# TASK STATEMENT:
The answer must be an exact transcription of the lines below from the first through the one containing "- 12.02.2026 09:00", with the pictures left out; please add nothing else.

══ ENTRIES SUPPLIED ══

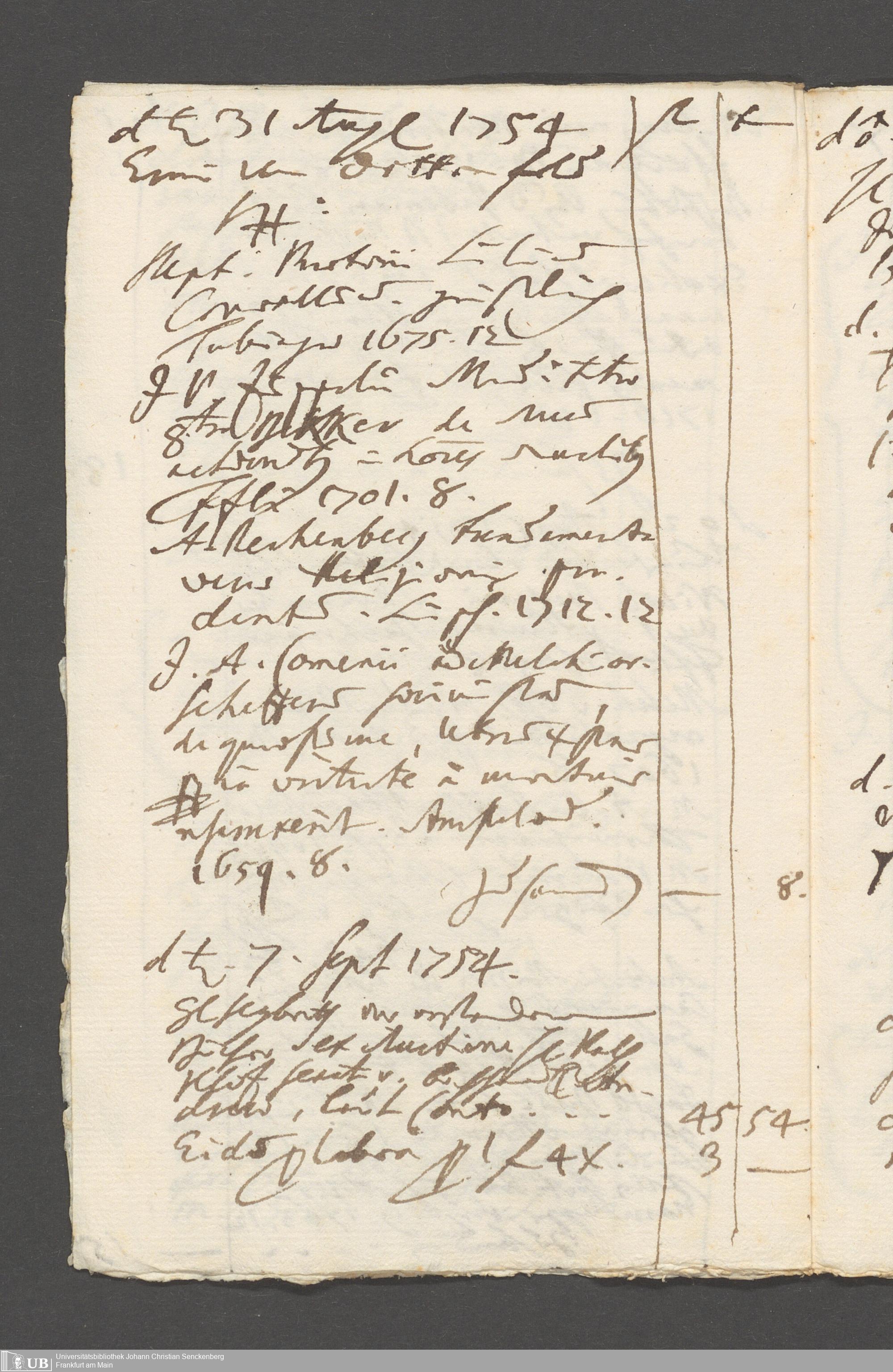 Na 31 Nachlass Johann Christian Senckenberg, 215 - Aufzeichnungen über Bücherkäufe und Schenkungen
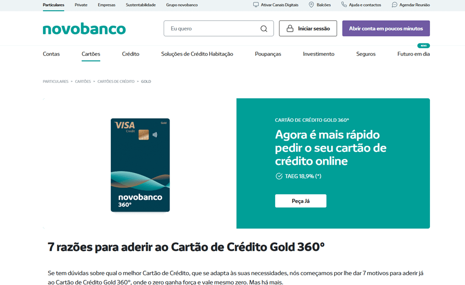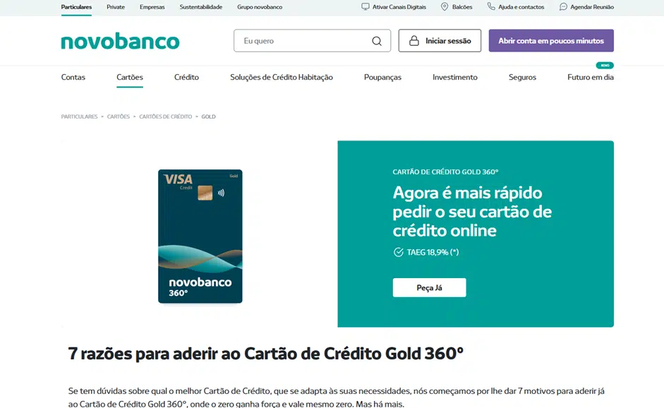 A forma mais eficiente de iniciar o pedido é através dos canais digitais da instituição. Se já é cliente, pode utilizar o NB net ou a NB app. Dentro da aplicação, deve navegar até à secção de “Cartões”, selecionar a opção relativa ao crédito e escolher o modelo Gold 360. Para quem prefere o contacto direto, a solicitação pode ser feita presencialmente em qualquer balcão da rede NOVO BANCO distribuída por Portugal.
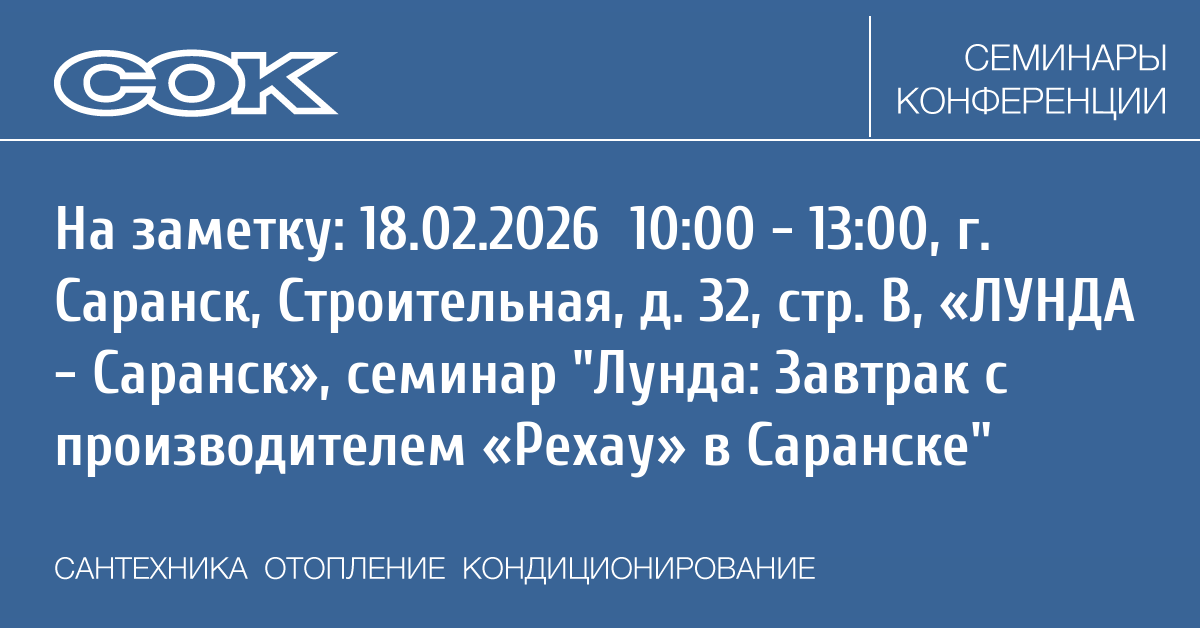 - 12.02.2026 09:00 - 12:00 Семинар Лунда: Завтрак с поставщиком «Рехау» в г. Нижний Новгород
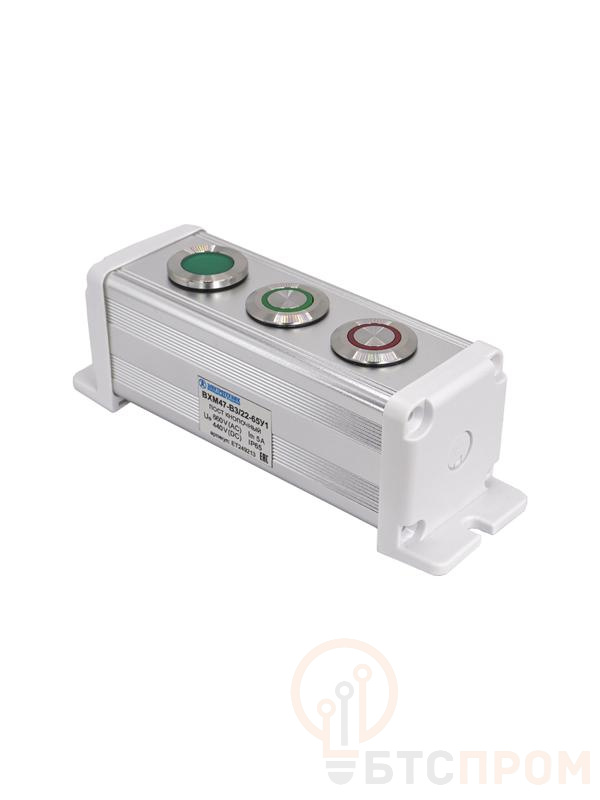Посты управления кнопочные ВХМ47 IP65 предназначены для коммутации электрических цепей управления переменного тока напряжением до 250 В частотой 50/60 Гц и постоянного тока до 110 В. Настенные посты используются для управления и индикации в электрических системах. Благодаря высокой степени защиты и материалу корпуса ВХМ47 можно использовать в неблагоприятных условиях из-за устойчивости к ударам, падениям и вибрации. Кнопочные посты управления имеют широкое применение в нефтяной, химической промышленности, металлургии и других местах с высокой степенью содержания пыли, слабых кислот и слабых щелочей, вызывающих коррозию. * Эргономичный дизайн; * Надёжная защита от попадания пыли, твёрдых тел и струй воды; * Возможность применения в различных отраслях; * Коммутационная и контрольная аппаратура антивандального исполнения; * Корпус из алюминиевого сплава с коррозионной стойкостью и высокой прочностью.
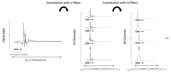 Convolutional neural networks (CNN) were first introduced by Krizhevsky et al. [40] and gained attention by winning the ImageNet challenge [41] with a large margin in 2012. Since then, new CNN Architectures, e.g., ResNet [42] were introduced and enhanced the performance of CNN significantly. CNN’s were mostly used for the image domain. In 2016, Wang et al. [43] introduced a fully convolutional neural network (FCN) architecture to classify time series data. They validated their approach on 44 datasets from the UCR/UEA archive. CNN for time series data processing achieved state of the art performances in various domains e.g., ECG Classification, Sound Classification, and Natural Language Processing. The name giving convolution can be seen as applying and sliding a one-dimensional filter over the time series. Unlike images, the filters cover only one dimension (time) opposed to two dimensions (width and height). A convolutional neural network consists of various filters, ranging from moving average filters to more complex filters. Those filters are learned through the backpropagation algorithm. By passing a univariate time series through a convolutional neural network, multiple convolutions with different filters are applied. This may be seen as using a filter bank to extract useful features, removing outliers or general filtering. To surpass the linear nature of a convolution operation, a nonlinear function is applied after a convolution to introduce nonlinearity and therefore ensure a nonlinear transformation of the time series data. An illustration of a one-dimensional convolutional neural network is denoted in Figure 1. Mathematically, a convolutional neural network apply the following equation for each timestamp t of the time series data :
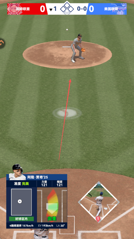 2、作为击球手时,观察投手投球,在合适时机点击或滑动屏幕进行挥棒击球,注意下方准度,力量等指标。
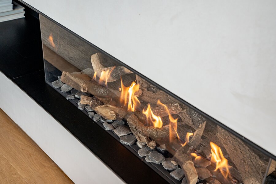 De living met gashaard vormt een gezellige ruimte met aansluitend een ruim terras.
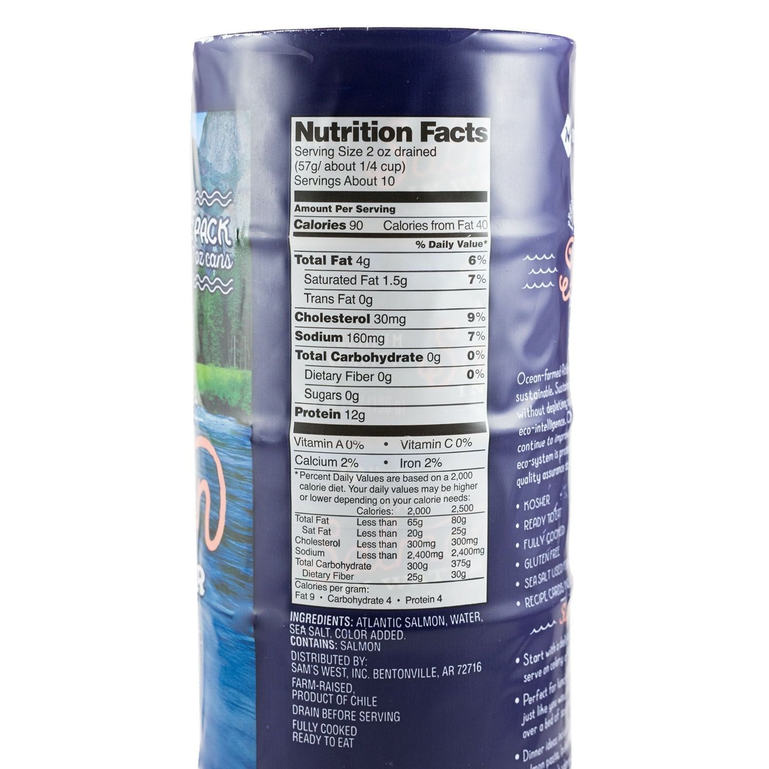 Member's Mark Canned Atlantic Salmon is a versatile solution to everyones salmon cravings. Eating salmon can sometimes be a chore. Finding it, cooking it, deboning it, and all the other steps make it a less than ideal solution. However, with Member's Mark Canned Atlantic Salmon these problems are all alleviated. The fresh, tasty salmon has no bones, so its easy to eat straight out of the can. It has the convenience of tuna with that unmistakably great salmon flavor. In addition, it is skinless as well. Theres no need to worry about rubbery skin as you chew your way through this healthy snack. It is delicious without all of the hassles.
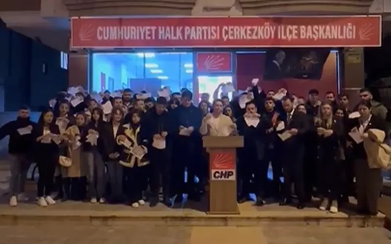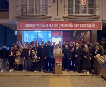 Dün akşam saatlerinde İstanbul Üniversitesi Rektörlüğü’nce Büyükşehir Belediye Başkanı Ekrem İmamoğlu’nun diplomasının iptal edildiği duyurulunca CHP’li gençler Çerkezköy İlçe Başkanlığı’nda toplanarak, Gençlik Kolları Genel Başkan Yardımcısı Aytekin Şahinkaya öncülüğünde kararı protesto etti.
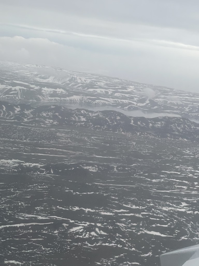 When we finally punched through the clouds on our approach to Keflavik airport, it was just wow. Rivers of black rock capped with ice, and a landscape that was just other-worldly.
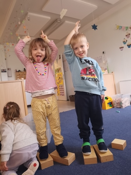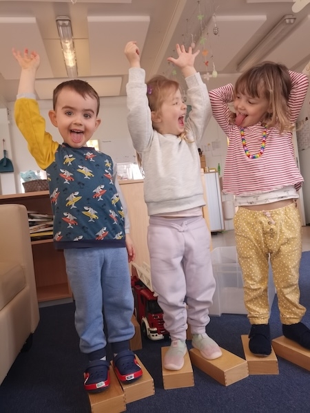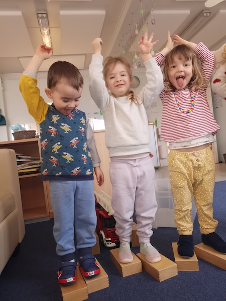 Momentan haben die Kinder in unserer Gruppe einen großen Bewegungsdrang. Sie möchten sich viel bewegen, ausprobieren und aktiv sein.

═══

# RESPONSE BOX:
 Na 31 Nachlass Johann Christian Senckenberg, 215 - Aufzeichnungen über Bücherkäufe und Schenkungen
 A forma mais eficiente de iniciar o pedido é através dos canais digitais da instituição. Se já é cliente, pode utilizar o NB net ou a NB app. Dentro da aplicação, deve navegar até à secção de “Cartões”, selecionar a opção relativa ao crédito e escolher o modelo Gold 360. Para quem prefere o contacto direto, a solicitação pode ser feita presencialmente em qualquer balcão da rede NOVO BANCO distribuída por Portugal.
 - 12.02.2026 09:00 - 12:00 Семинар Лунда: Завтрак с поставщиком «Рехау» в г. Нижний Новгород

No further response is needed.